Monday, Sep. 26, 1994

A Rite of Passage -- Or Mutilation?

By Jill Smolowe

The images came so rapidly that TV viewers scarcely had time to consider what they were about to witness. After CNN senior correspondent Christiane Amanpour warned that the following footage would be "very hard to watch," the TV camera cut to a home in Egypt's Sayedda Zeinab slum, where 10-year-old Nagla Hamza peered into the lens, her dark eyes excited and anxious. Cut to a crowded living room, where relatives smiled and ululated in celebration. As a voice-over explained that no sanitary precautions would be taken, no anesthetic applied, Nagla was tilted onto her back by two men -- a plumber and / a florist -- and her legs prodded into the air in a wide V. While the florist cradled her from behind, the plumber wrapped Nagla's hands around her ankles. Then the plumber quickly leaned in between Nagla's legs and cut off her clitoris with a pair of barber's scissors. The girl barely had time to emit her first gasp of pain before her legs were lowered and her mutilated genitalia were bound with rags. Only then did she find her voice. "Father! Father!" she shrieked. "A sin upon you. A sin upon you all!"

Nagla's outraged cry echoed high above the din of words spoken during the U.N. population conference that ended last week in Cairo. Female circumcision was part of an official agenda that included the subject of women's control over their sexual destinies, and CNN's shocking footage briefly dominated the dialogue among conference participants. It also left their Egyptian hosts angrily on the defensive.

Western delegates generally hailed the CNN footage as much needed publicity for a long-overlooked custom that is common in Egypt and other parts of Africa, though it has no roots in the Koran. But the Egyptian press denounced the tape as a betrayal of Cairo's gracious hospitality and tried to discredit the piece by charging that CNN had "staged" the circumcision and paid the participants. Actually, CNN paid $300 to a free-lance producer to find and make arrangements with the Hamza family, who in turn paid $44 to one of her aunts for serving as a go-between. "This wasn't a singular, aberrant event that we set out to sensationalize, and it wasn't our presence that caused the child physical jeopardy," says Steve Haworth, CNN vice president for public relations. When asked about the CNN segment, Egyptian President Hosni Mubarak made the improbable statement that he thought the practice had disappeared in his country.

In fact, the Egyptian weekly Al-Wafd claims that several thousand Egyptian girls are circumcised daily at the hands of "hygenic barbers." In all, some 80% of Egyptian women have undergone circumcision, which serves no purpose beyond depriving females of sexual pleasure; Egyptian men believe this condition ensures their fidelity.
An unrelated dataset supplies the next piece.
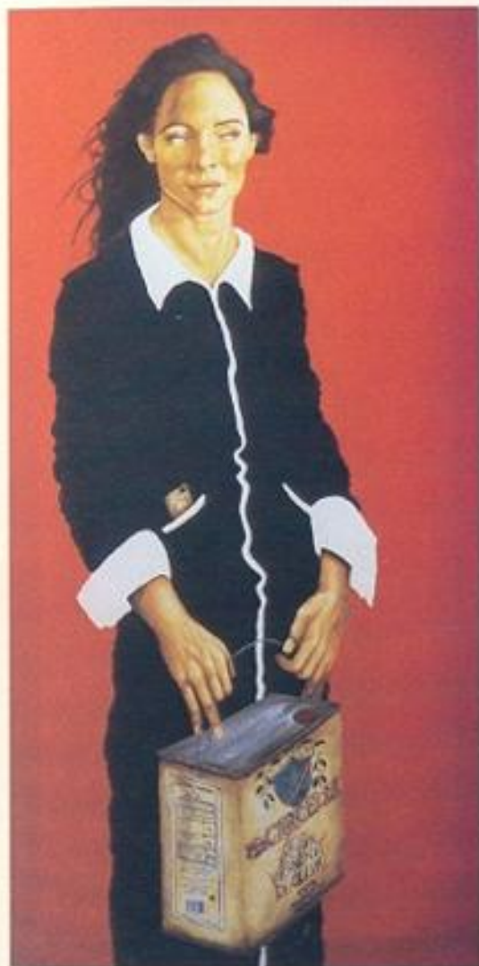
"ASSÛ..." tecnica mista, 27 x 35, 2003

While Egyptian law does not ban clitoridectomies, a ministerial decree issued in 1959 bans the procedure in facilities affiliated with the Health Ministry and permits only physicians to perform the surgery. Last week Egyptian authorities arrested Nagla's father, the free-lance producer and the two men who performed the procedure. So far, only the producer has been released. The others face charges of sexual abuse and practicing medicine without a license.

All this comes as a shock to Nagla's father, Hamza Sayed Eid, who told police he had never heard of CNN and claimed that he thought he was participating in a documentary on Islam. He also finds the uproar bewildering. As a Muslim, he believes he acted properly.